THE PROBLEM -> All the lines below need to be output exactly, apart from any images.

STUDY MATERIAL ->
━━━━━━━━━━━━━━━━━━━━━━━━━━━━━━

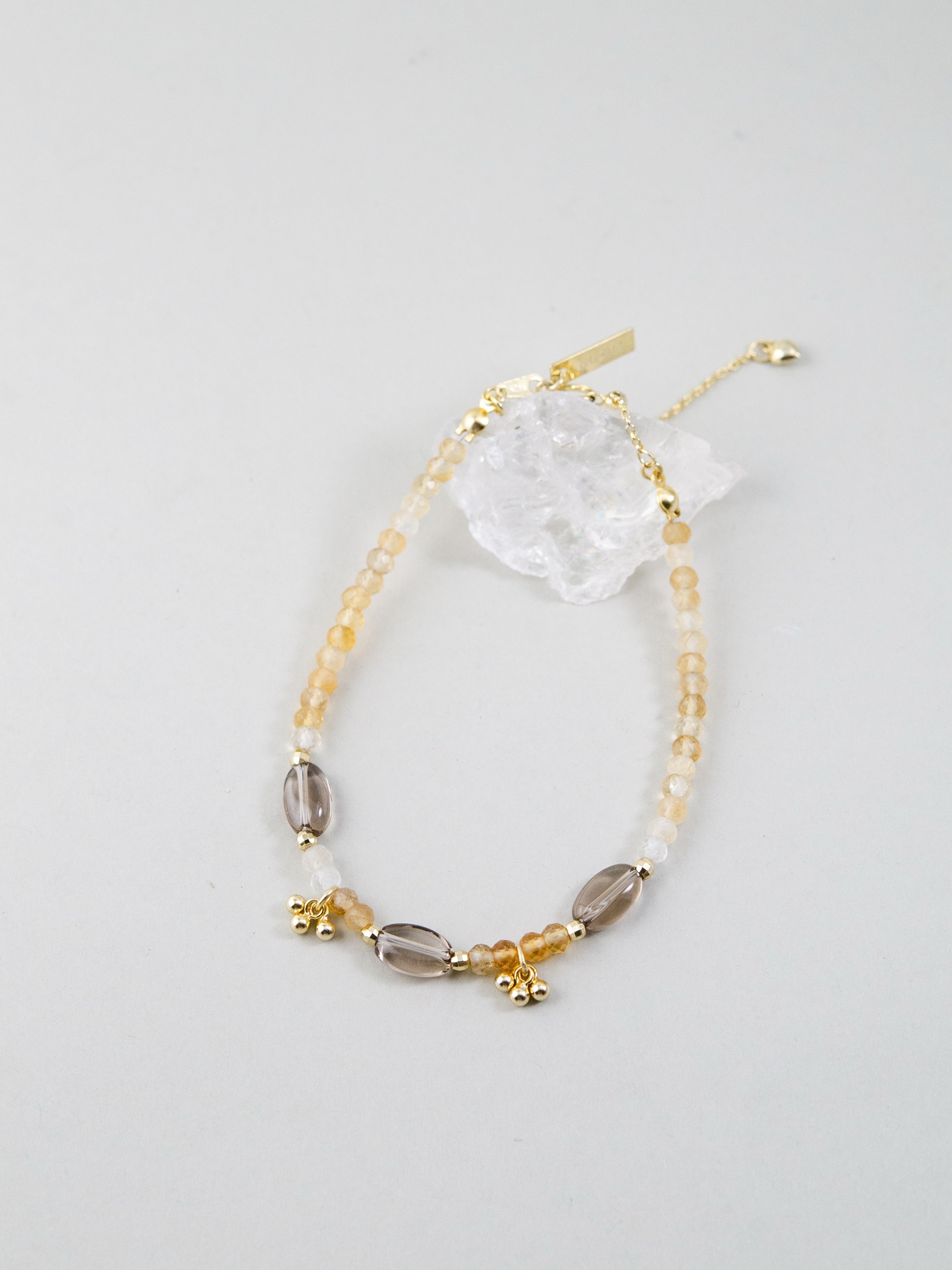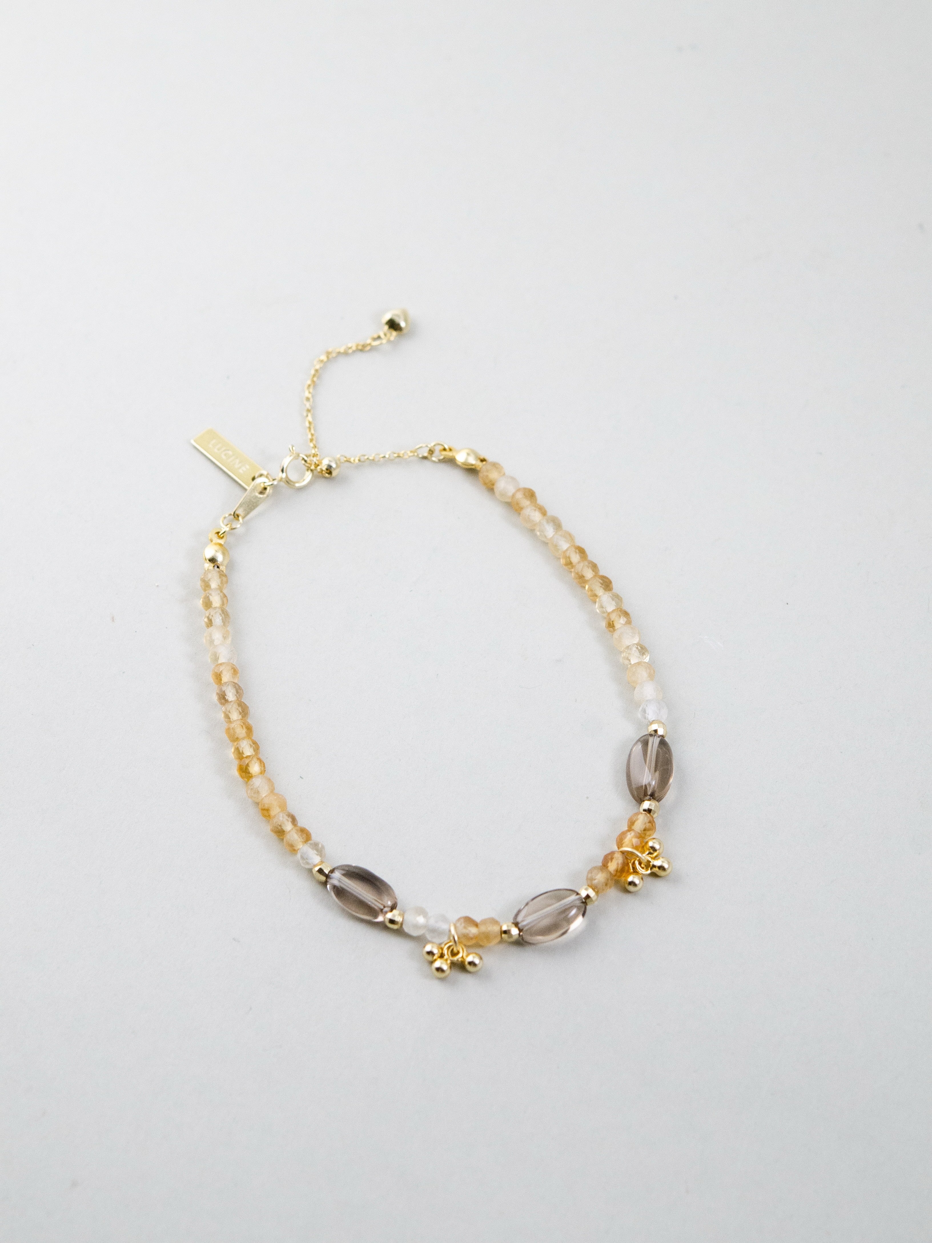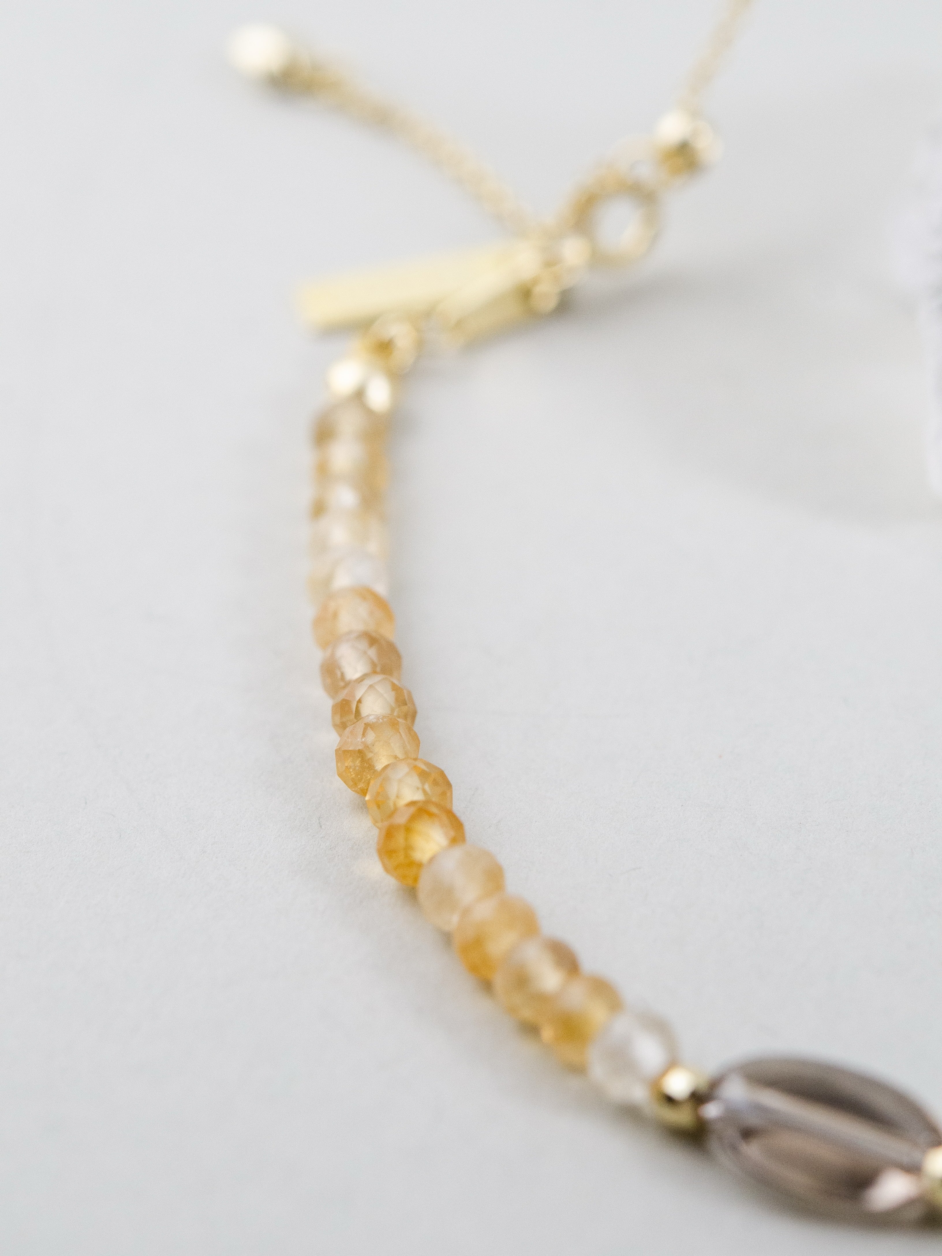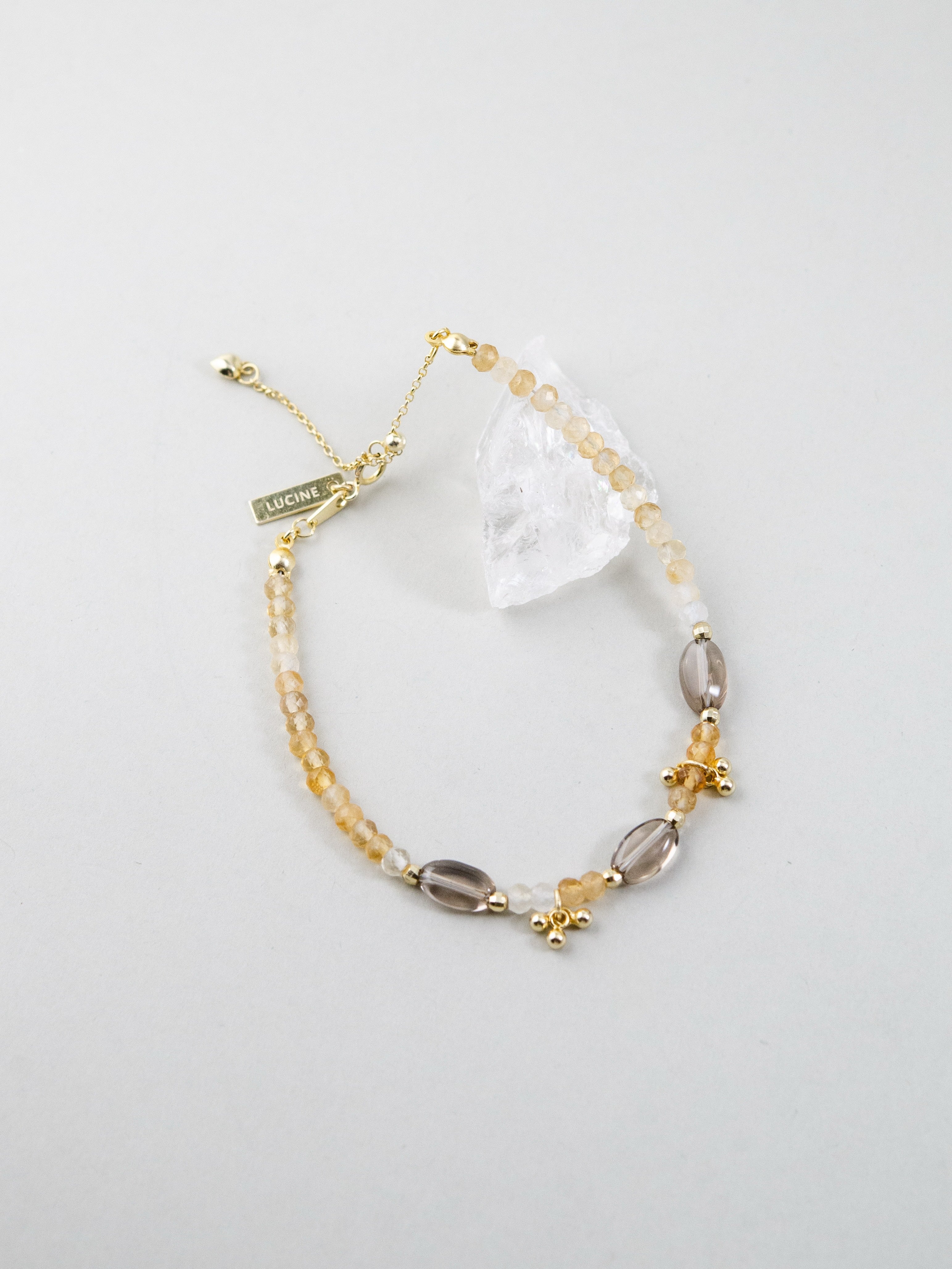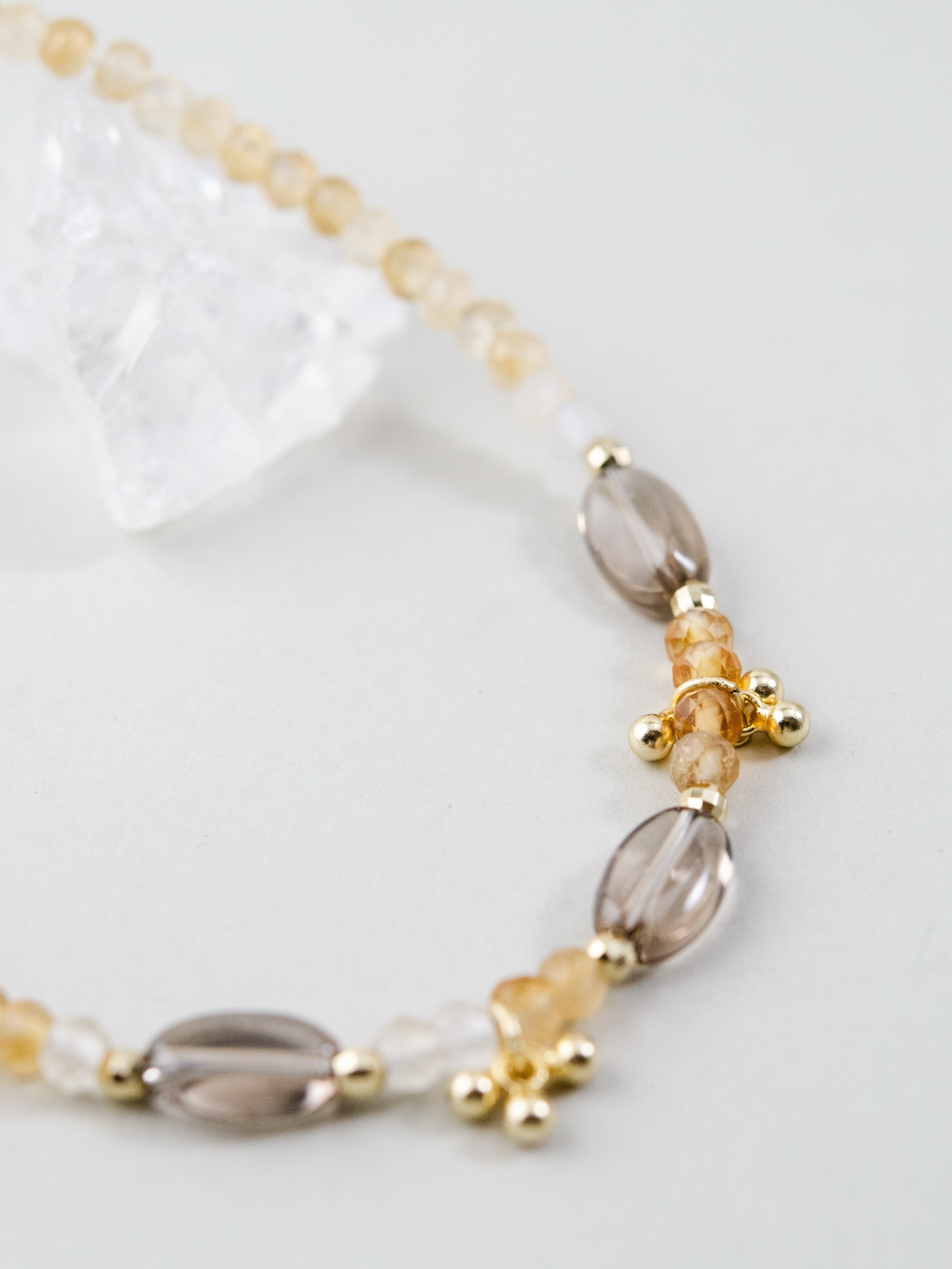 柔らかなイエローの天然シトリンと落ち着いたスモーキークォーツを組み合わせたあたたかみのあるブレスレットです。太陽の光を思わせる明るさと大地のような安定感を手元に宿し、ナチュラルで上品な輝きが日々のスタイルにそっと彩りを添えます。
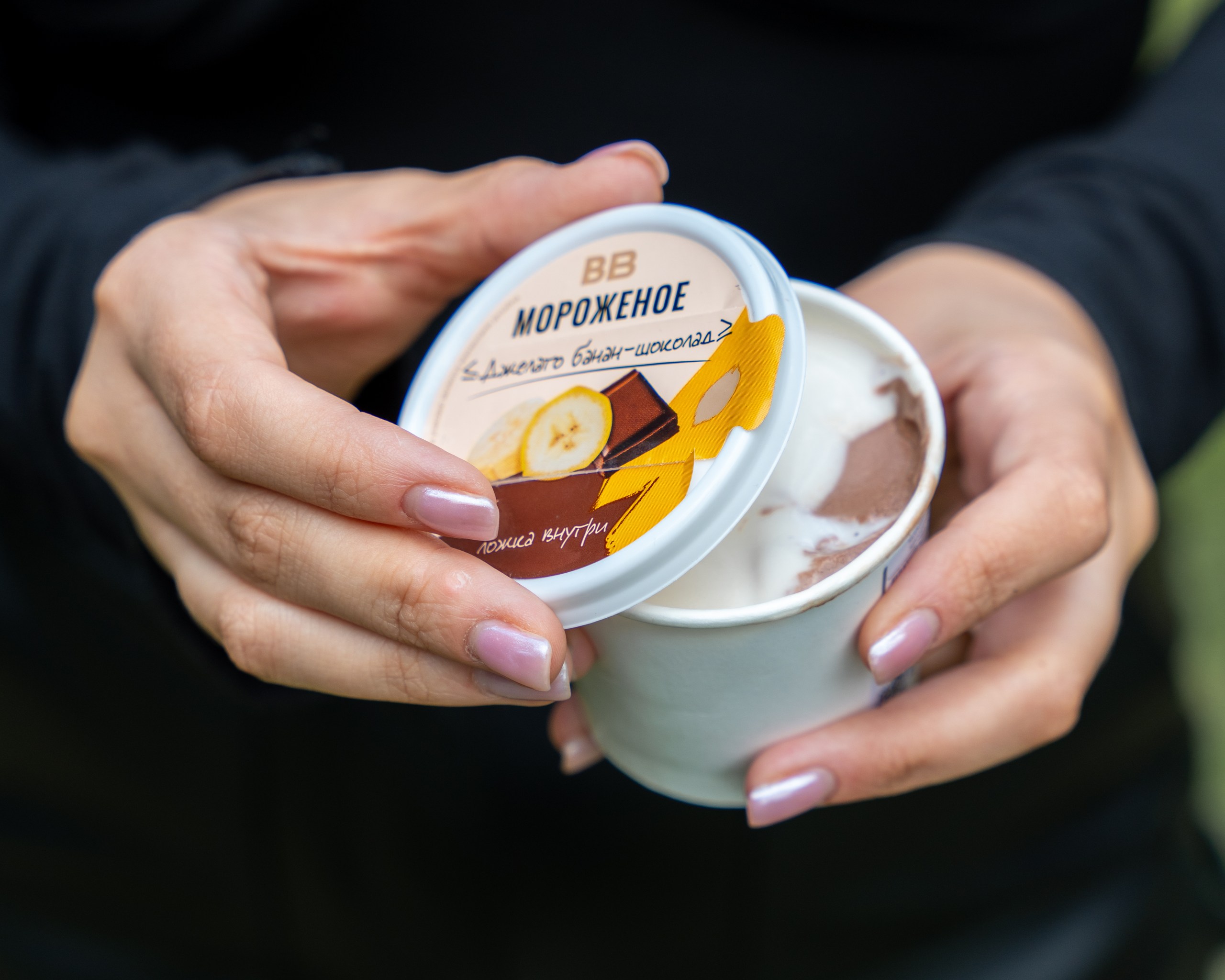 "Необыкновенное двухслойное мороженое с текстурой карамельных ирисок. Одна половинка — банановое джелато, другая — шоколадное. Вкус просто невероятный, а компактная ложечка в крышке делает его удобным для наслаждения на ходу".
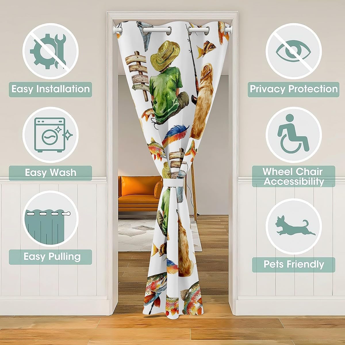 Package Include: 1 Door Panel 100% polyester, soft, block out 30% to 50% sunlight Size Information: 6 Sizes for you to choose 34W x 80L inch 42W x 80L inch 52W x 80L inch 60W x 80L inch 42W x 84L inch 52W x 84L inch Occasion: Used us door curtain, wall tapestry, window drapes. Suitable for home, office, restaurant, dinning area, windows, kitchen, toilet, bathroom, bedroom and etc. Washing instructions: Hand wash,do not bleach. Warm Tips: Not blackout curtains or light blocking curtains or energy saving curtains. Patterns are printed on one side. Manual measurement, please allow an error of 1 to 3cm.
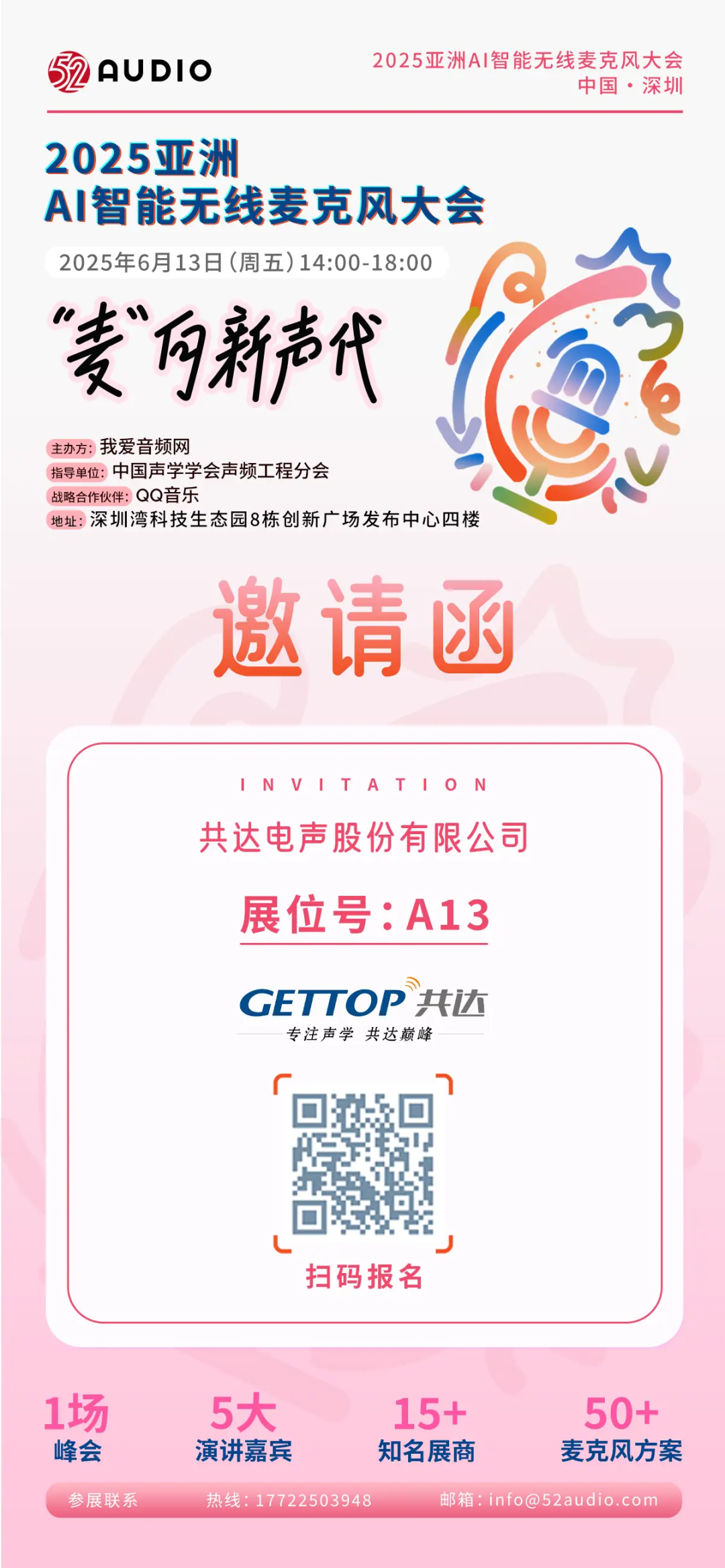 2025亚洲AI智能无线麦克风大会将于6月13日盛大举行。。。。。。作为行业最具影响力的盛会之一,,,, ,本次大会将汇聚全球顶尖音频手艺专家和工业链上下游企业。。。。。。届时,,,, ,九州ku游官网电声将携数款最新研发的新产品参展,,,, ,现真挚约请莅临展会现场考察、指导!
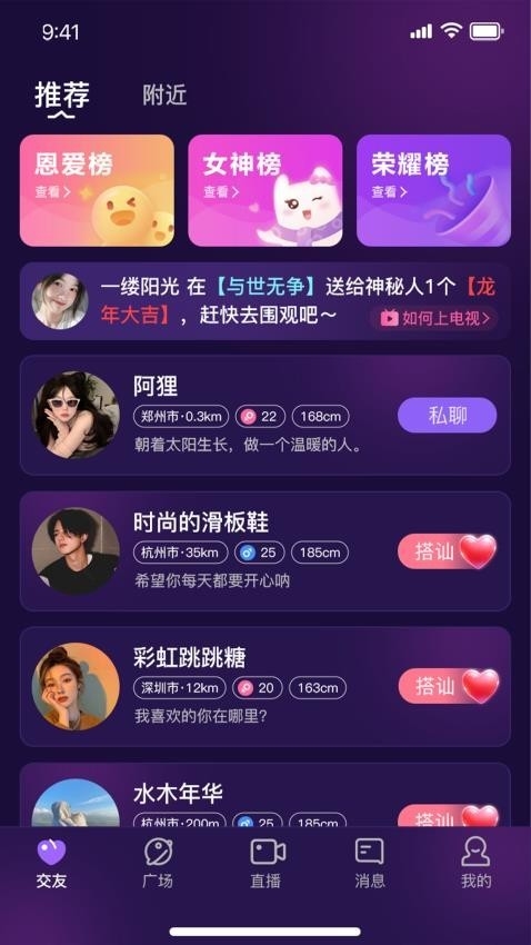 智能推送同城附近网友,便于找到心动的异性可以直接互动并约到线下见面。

━━━━━━━━━━━━━━━━━━━━━━━━━━━━━━

EXERCISE RESPONSE ->
 柔らかなイエローの天然シトリンと落ち着いたスモーキークォーツを組み合わせたあたたかみのあるブレスレットです。太陽の光を思わせる明るさと大地のような安定感を手元に宿し、ナチュラルで上品な輝きが日々のスタイルにそっと彩りを添えます。
 "Необыкновенное двухслойное мороженое с текстурой карамельных ирисок. Одна половинка — банановое джелато, другая — шоколадное. Вкус просто невероятный, а компактная ложечка в крышке делает его удобным для наслаждения на ходу".
 Package Include: 1 Door Panel 100% polyester, soft, block out 30% to 50% sunlight Size Information: 6 Sizes for you to choose 34W x 80L inch 42W x 80L inch 52W x 80L inch 60W x 80L inch 42W x 84L inch 52W x 84L inch Occasion: Used us door curtain, wall tapestry, window drapes. Suitable for home, office, restaurant, dinning area, windows, kitchen, toilet, bathroom, bedroom and etc. Washing instructions: Hand wash,do not bleach. Warm Tips: Not blackout curtains or light blocking curtains or energy saving curtains. Patterns are printed on one side. Manual measurement, please allow an error of 1 to 3cm.
 2025亚洲AI智能无线麦克风大会将于6月13日盛大举行。。。。。。作为行业最具影响力的盛会之一,,,, ,本次大会将汇聚全球顶尖音频手艺专家和工业链上下游企业。。。。。。届时,,,, ,九州ku游官网电声将携数款最新研发的新产品参展,,,, ,现真挚约请莅临展会现场考察、指导!
 智能推送同城附近网友,便于找到心动的异性可以直接互动并约到线下见面。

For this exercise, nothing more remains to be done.